The answer must consist solely of the lines from the start of the records through the line containing "Ar krāšņiem priekšnesumiem", restated word for word, with no pictures.

*** Records for the task Section Begins ***

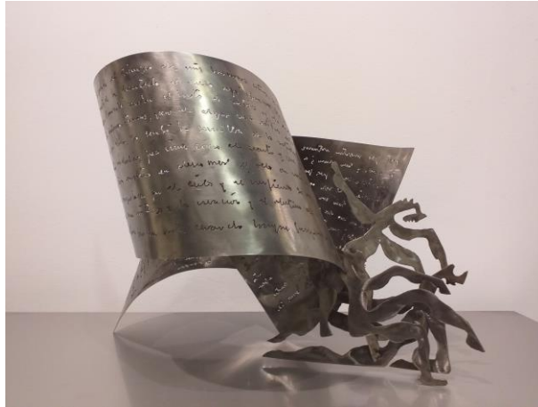
Aperta a forma das emocións 35 cm x 30 cm x 65 cm Aceiro inoxidable manuscrito
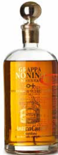
Grappa Antica Cuvee Riserva
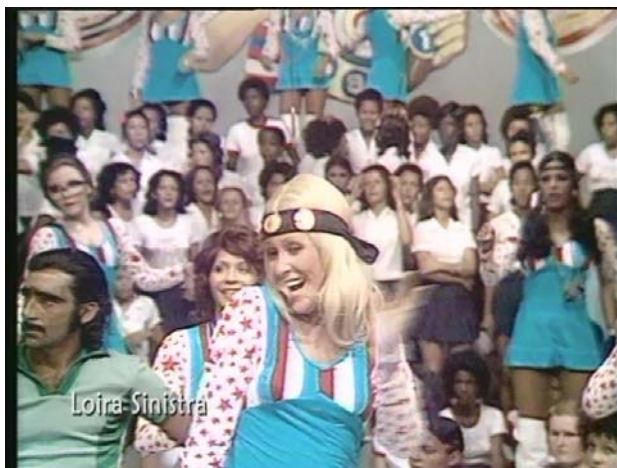
Fig. 1: Chacrete Loira Sinistra na Discoteca do Chacrinha TV Tupi - 1974

Chacrinha, estas dançarinas continuaram a dançar no fundo do palco. Começava ali a era das dançarinas de palco na televisão brasileira.
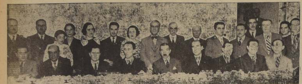
Asistentes a la celebración del 10.º aniversario
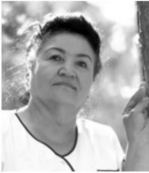
Enaxon SIDDIQOVA, O'zbekiston xalq shoiri
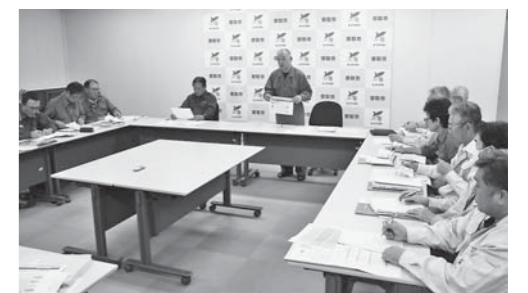
避難所のリアルタイムな情報を必要とする災害対策本部(令和元年台風15号)

A 災害対策本部と避難所との情報連携をリアルタイムで行い、市民に適切な情報を提供できるよう、ノートパソコン45台を整備します。
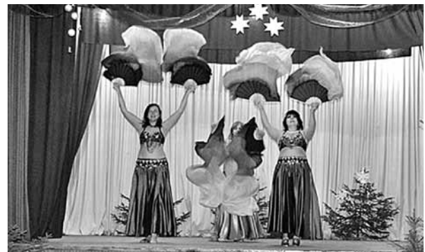
Ar krāšņiem priekšnesumiem priecēja eksotisko deju grupa "Oreo" no Sauleskalna.

Sākumā Nellijas sirdi aizkustinošā uzruna ar dzejas rindām un mūsu dziedātās dziesmas. Patīkami pārsteidza dāmu deju kopa "Mežrozīte" ne tikai ar interesanti veidotiem deju
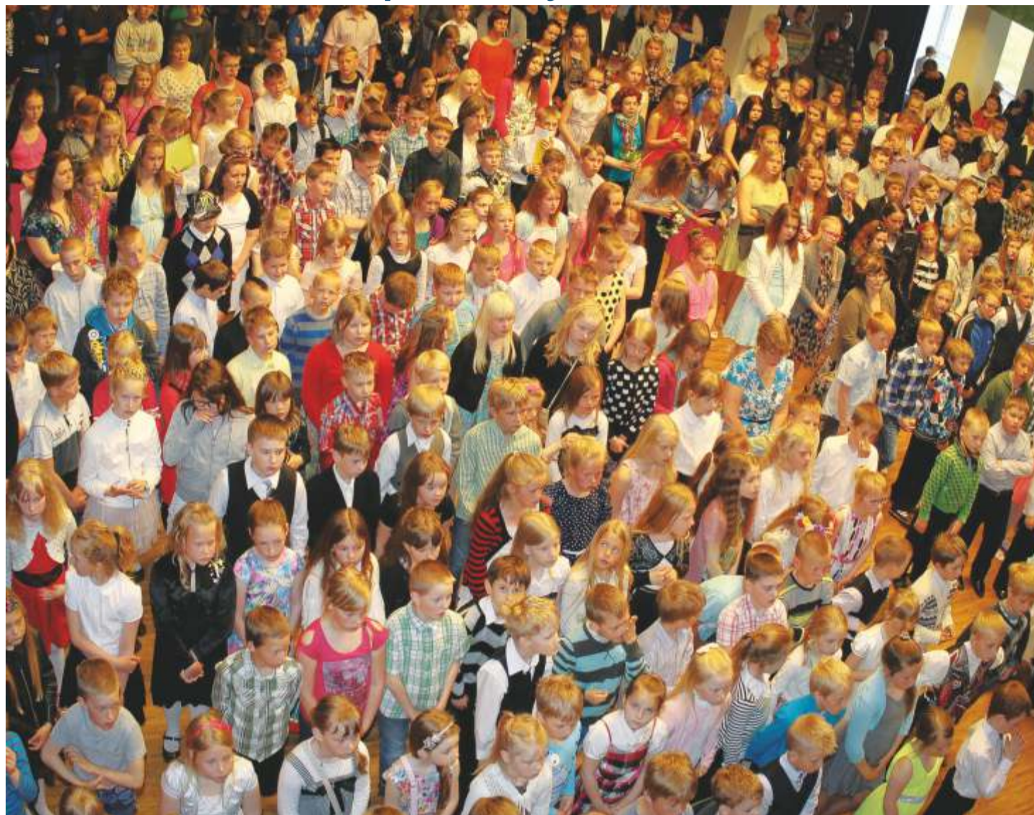
Kadrina Keskkooli pere õppeaasta lõpuaktusel.

Õppeaasta lõpeb. Kadrina Keskkooli lõpetab tänavu 55. lend. Loomulikult oleks sel taustal ülikena välja tuua absoluutselt kõigil olümpiaadidel ja konkurssidel edukalt osalenud Kadrina Keskkooli õppurite ja neid õpetanud pedagoogide nimed. See vajaks aga suisa erilehte. See pärast piirdugem vaid parimatest parimatega.
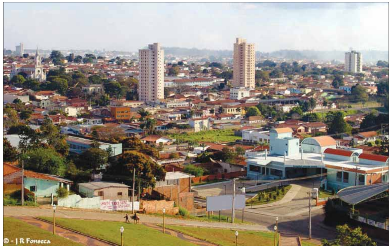
Investimentos geram aumento nas vendas

A crise financeira que assombra a Prefeitura não foi maior que o planejamento da equipe econômica que soube driblar os obstáculos e economizar para que em dezembro pudesse ser pago regularmente o salário e o décimo terceiro dos servidores da prefeitura.
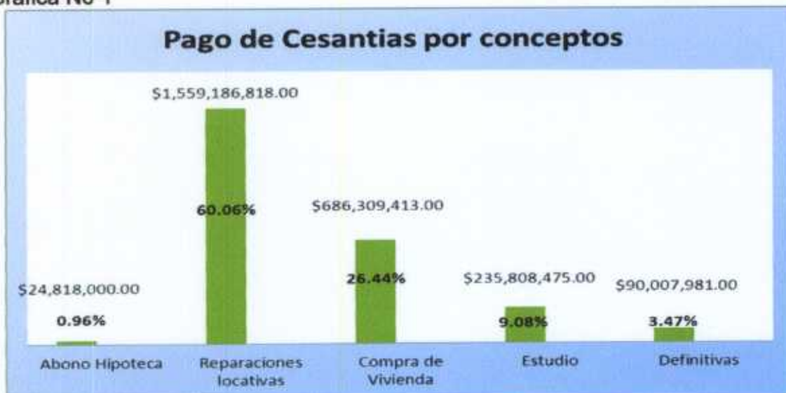
Gráfica No 1

Con el reconocimiento y pago de cesantías, se ha contribuido a la adquisición de vivienda para 51 afiliados y que 161 de estos, hayan acometido reformas locativas a sus viviendas, contribuyendo al mejoramiento de la calidad de vida de los afiliados.
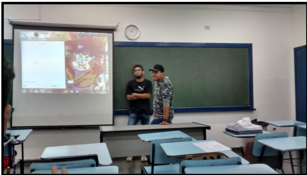
A Geografia, a Música e a Matemática, parceiras no processo de Ensino e Aprendizagem
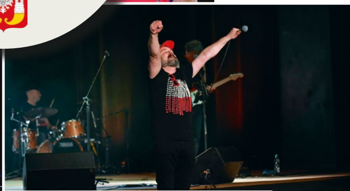
■ Arek Jakubik w koncercie „Chory na Polskę”
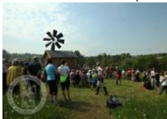
Současné fotografie - objekt v krajině
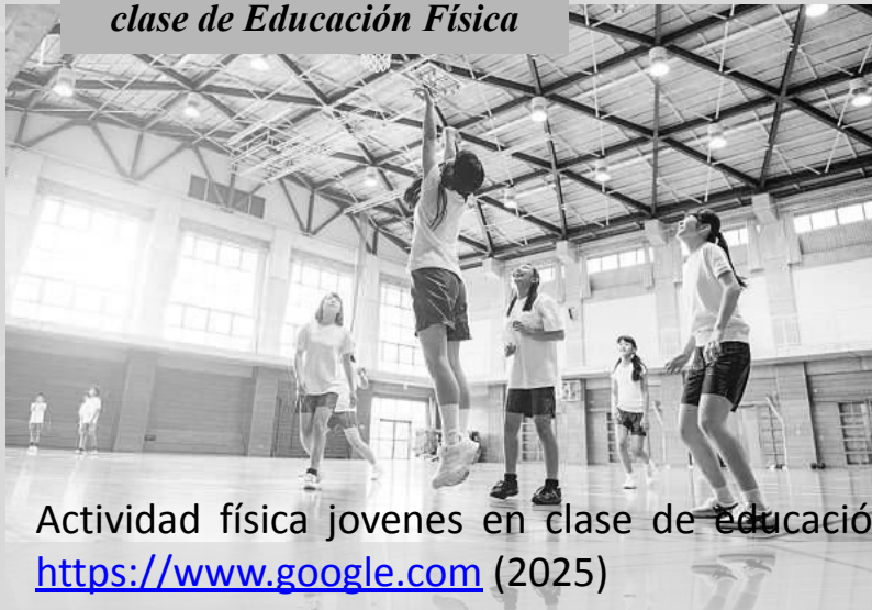
Figura 2 clase de Educación Física

Esta brecha entre lo prescripto y lo enseñado pone de manifiesto la complejidad de la práctica docente, donde las decisiones no son lineales, sino el resultado de un entramado de factores.
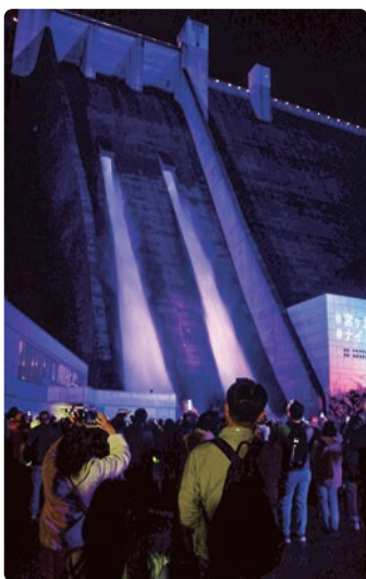
ライトアップ放流
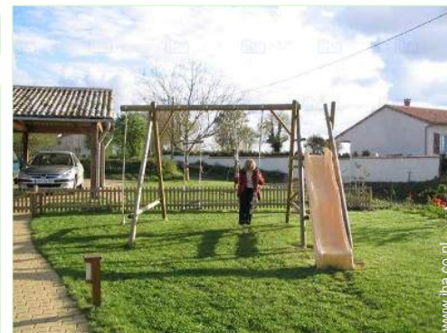
uitzicht vanuit de keuken

Barbecue, tuintafel(s), 4 tuinstoel(en), parasol, serre, 4 ligstoel(en), 2 strandstoel(en), zandbak, Openlucht douche
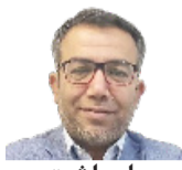
استراتژی برنده در سرمایه‌گذاری یادداشت
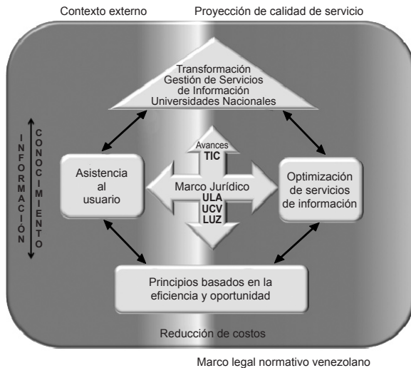
Gráfico 3 Cuadro de interacción de procesos

Estrategias que han de garantizar la asistencia al usuario con principios basados en la oportunidad y eficiencia de gestión institucional; los cuales se requieren para asumir las nuevas tendencias que en gestión de servicios de información se representan en Gráfico 4 .
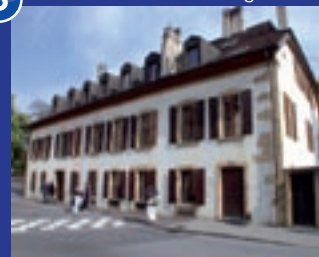
Institut de langue et civilisation françaises
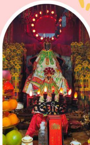
วัดเจ้าแม่กวนอิมฮ่องฮำ

ความสำเร็จ ความมั่งคั่ง เงินทองไหลมาเทมา

*** Records for the task Section Ends ***

(Answer section):
Aperta a forma das emocións 35 cm x 30 cm x 65 cm Aceiro inoxidable manuscrito
Grappa Antica Cuvee Riserva
Fig. 1: Chacrete Loira Sinistra na Discoteca do Chacrinha TV Tupi - 1974

Chacrinha, estas dançarinas continuaram a dançar no fundo do palco. Começava ali a era das dançarinas de palco na televisão brasileira.
Asistentes a la celebración del 10.º aniversario
Enaxon SIDDIQOVA, O'zbekiston xalq shoiri
避難所のリアルタイムな情報を必要とする災害対策本部(令和元年台風15号)

A 災害対策本部と避難所との情報連携をリアルタイムで行い、市民に適切な情報を提供できるよう、ノートパソコン45台を整備します。
Ar krāšņiem priekšnesumiem priecēja eksotisko deju grupa "Oreo" no Sauleskalna.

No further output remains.